• _TASK_
All that is needed is an exact copy of the lines from the beginning of the data below through the line containing "Dit 30 mm roestvrijstalen", minus the pictures.

START DATA SECTION

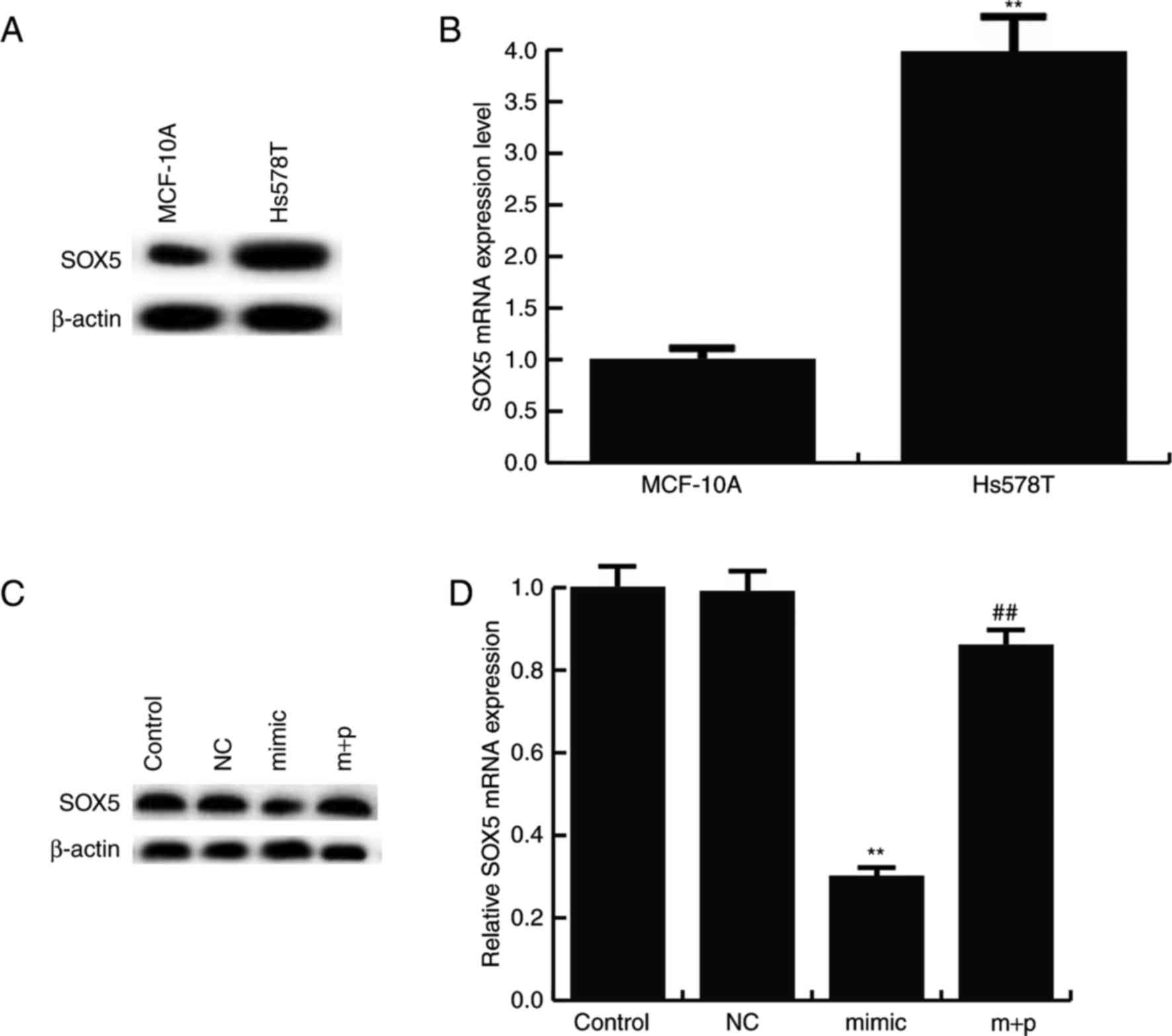 Furthermore, it was revealed that SOX5 protein was expressed at notably higher levels in the TNBC cell line, Hs578T, compared with MCF-10A cells (Fig. 3A). Compared with MCF-10A cells, the mRNA level of SOX5 was significantly increased in Hs578T cells (Fig. 3B). Additionally, it was revealed that miR-146a-5p negatively regulated the protein and mRNA expression of SOX5 in Hs578T cells. miR-146a-5p mimics markedly decreased the SOX5 protein expression, and this decrease was reversed by SOX5-plasmids (Fig. 3C). It was also observed that the mRNA level of SOX5 significantly decreased in miR-146a-5p mimics treated Hs578T cells and this reduction was significantly reversed by SOX5-plasmids (Fig. 3D).
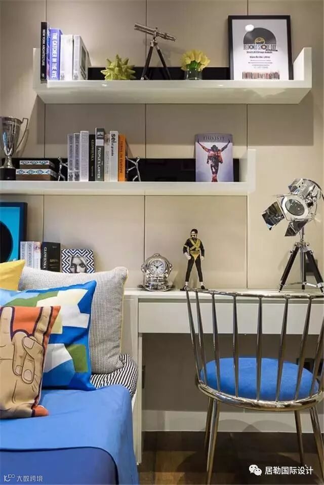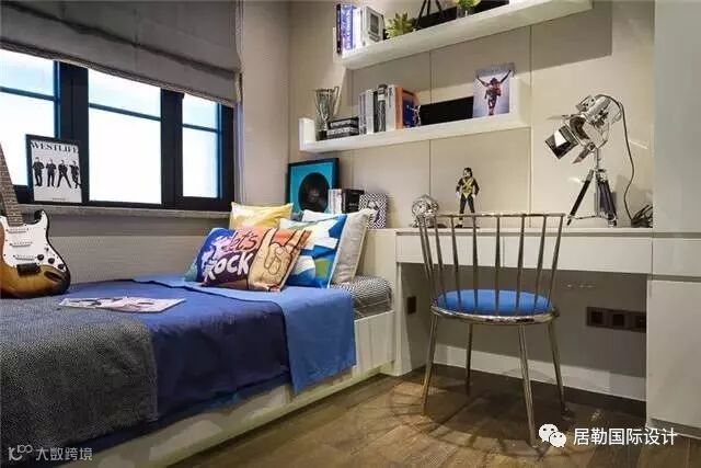 这是个充满梦想与快乐的空间,一把吉它,一个天文望远镜,还有那铺满幻想色彩的陈设场景,美得如些纯净的蓝色调编织着男孩的童年。
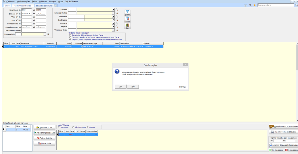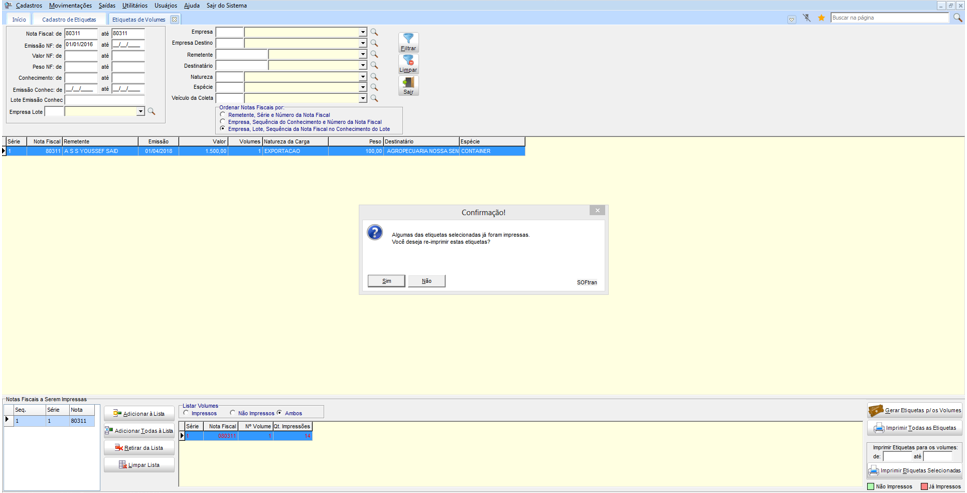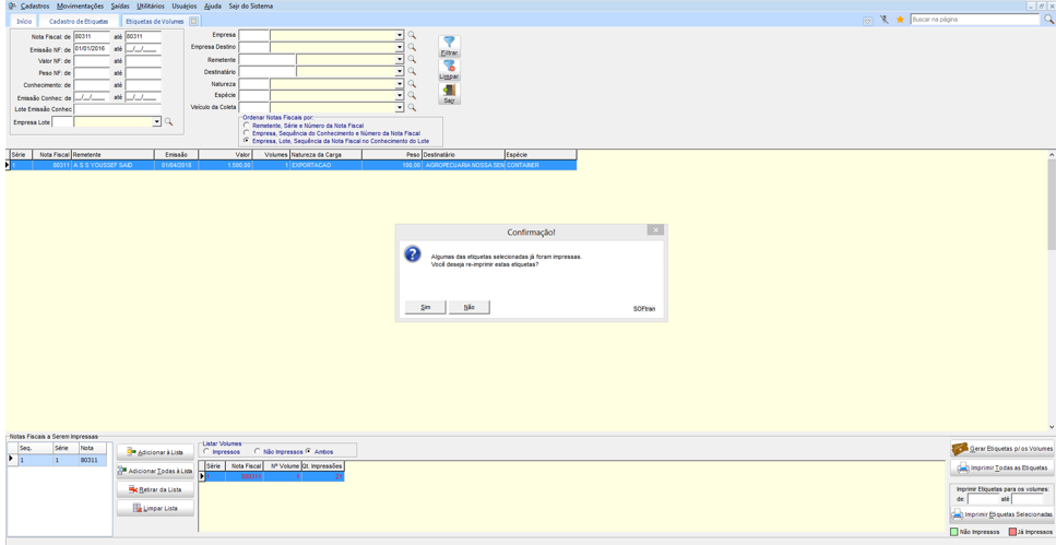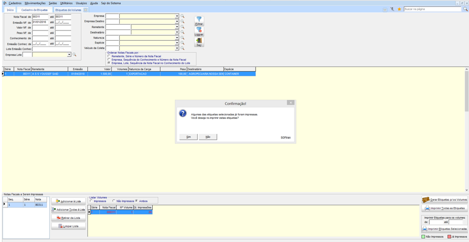 Em Movimentações > Etiquetas > Etiquetas de Volumes
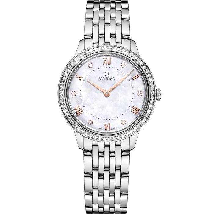 Dit 30 mm roestvrijstalen model heeft een met diamanten ingelegde bezel en een wijzerplaat van wit parelmoer. De wijzerplaat onderscheidt zich door de met PVD gecoate wijzers van Sedna™ Gold, evenals de afwisselende Romeinse cijfers en de diamanten markeringen die gezet zijn in houders van 18K Sedna™ Gold.
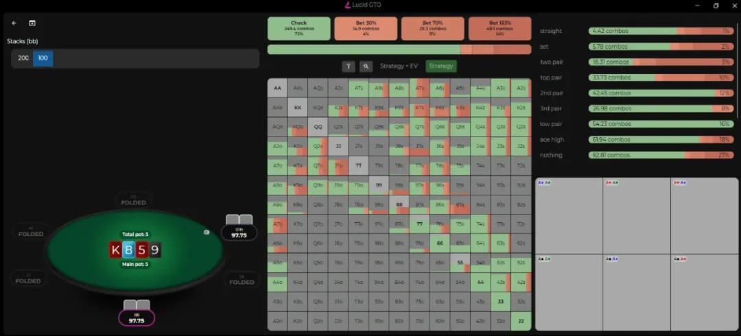 让我们看看解算器在K♥8♦5♥9♠牌面上的探听下注图表:
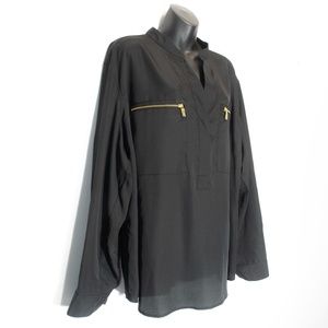 NWT MICHAEL Michael Kors Black Long Sleeve Blouse
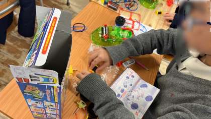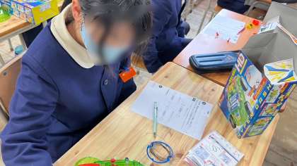 この前作った理科の電磁石実験キットを使って電磁石の性質を調べていました。わかったことは、プリントに書き込んでいきます。
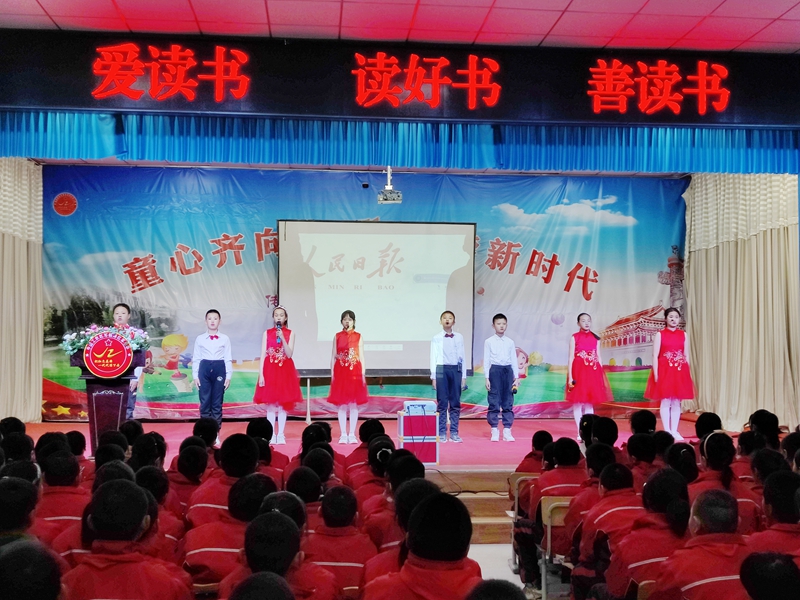 倪家营镇中心小学以“爱读书、读好书、善读书”为主题开展“红领巾开讲啦”大型思政金课,全体师生合唱红色歌曲《歌唱祖国》渲染爱党爱国氛围;情景剧《为中华之崛起而读书》展现百年风雨沧桑,引导孩子们珍惜国泰民安的读书环境;全校师生集体参与诗词“飞花令”,活跃现场氛围;校长与英语教师中英文朗诵《面朝大海 春暖花开》,为全校师生做阅读表率。系列活动的开展,有力推动了书香校园建设和读书活动深入开展。(智育海、王一捷)
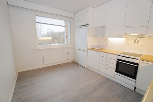 erillinen keittiö, laminaattitasot keittiössä, sähköliesi; liesituuletin, pesukoneliitos, jääkaappi; pakastin, tilaa isolle ruokapöydälle; paljon kaappitilaa; suuri tiskipöytä; mikrohylly
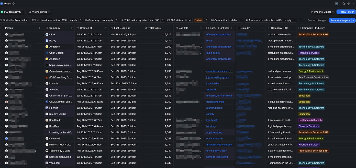 Attio is not as feature‑rich as HubSpot if you’re a large, complex sales org (territories, multi‑threading, etc.), but for an early‑stage PLG startup, it hits a very nice balance:
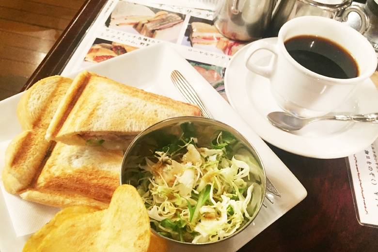 注文したのは、TVでも紹介されたことがあるというローストポーク入りの「ホットサンド」(500円)とブレンド珈琲(480円)。ホットサンドにはサラダとポテトチップスがついてました。とろーりチーズと厚めのローストポークが美味しい! 珈琲は、毎日お店で焙煎されているそうですよ。席の場所によるかもしれませんが、お客さんのざわざわとした話し声もほどよいBGMになって、昔からの社交場というような雰囲気が楽しめました。
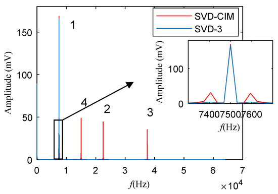 Figure 11 displays the frequency spectrum of the reconstructed signals chosen based on CIM (red line) and differential spectrum (blue line), respectively. For convenience, the method using difference spectrum is called SVD-3 in this section, because it just uses three SCs in this case, and the method using CIM is called SVD-CIM. In the frequency spectrum, method SVD-3 only extracts one frequency component, which corresponds to the spectral line with the highest amplitude in the original frequency spectrum (Figure 8). However, the proposed method SVD-CIM not only extracts the first four high-amplitude signal components corresponding to Figure 8, but also extracts the sideband of 7500 Hz which is related to the characteristic of the target frequency of 93 Hz shown in the partially enlarged view in Figure 11. The Roman numerals 1, 2, 3, and 4 in Figure 11, respectively, represent the first four frequency components of the amplitude in the original signal frequency spectrogram shown in Figure 8.

END DATA SECTION

• _SOLUTION_
 Furthermore, it was revealed that SOX5 protein was expressed at notably higher levels in the TNBC cell line, Hs578T, compared with MCF-10A cells (Fig. 3A). Compared with MCF-10A cells, the mRNA level of SOX5 was significantly increased in Hs578T cells (Fig. 3B). Additionally, it was revealed that miR-146a-5p negatively regulated the protein and mRNA expression of SOX5 in Hs578T cells. miR-146a-5p mimics markedly decreased the SOX5 protein expression, and this decrease was reversed by SOX5-plasmids (Fig. 3C). It was also observed that the mRNA level of SOX5 significantly decreased in miR-146a-5p mimics treated Hs578T cells and this reduction was significantly reversed by SOX5-plasmids (Fig. 3D).
 这是个充满梦想与快乐的空间,一把吉它,一个天文望远镜,还有那铺满幻想色彩的陈设场景,美得如些纯净的蓝色调编织着男孩的童年。
 Em Movimentações > Etiquetas > Etiquetas de Volumes
 Dit 30 mm roestvrijstalen model heeft een met diamanten ingelegde bezel en een wijzerplaat van wit parelmoer. De wijzerplaat onderscheidt zich door de met PVD gecoate wijzers van Sedna™ Gold, evenals de afwisselende Romeinse cijfers en de diamanten markeringen die gezet zijn in houders van 18K Sedna™ Gold.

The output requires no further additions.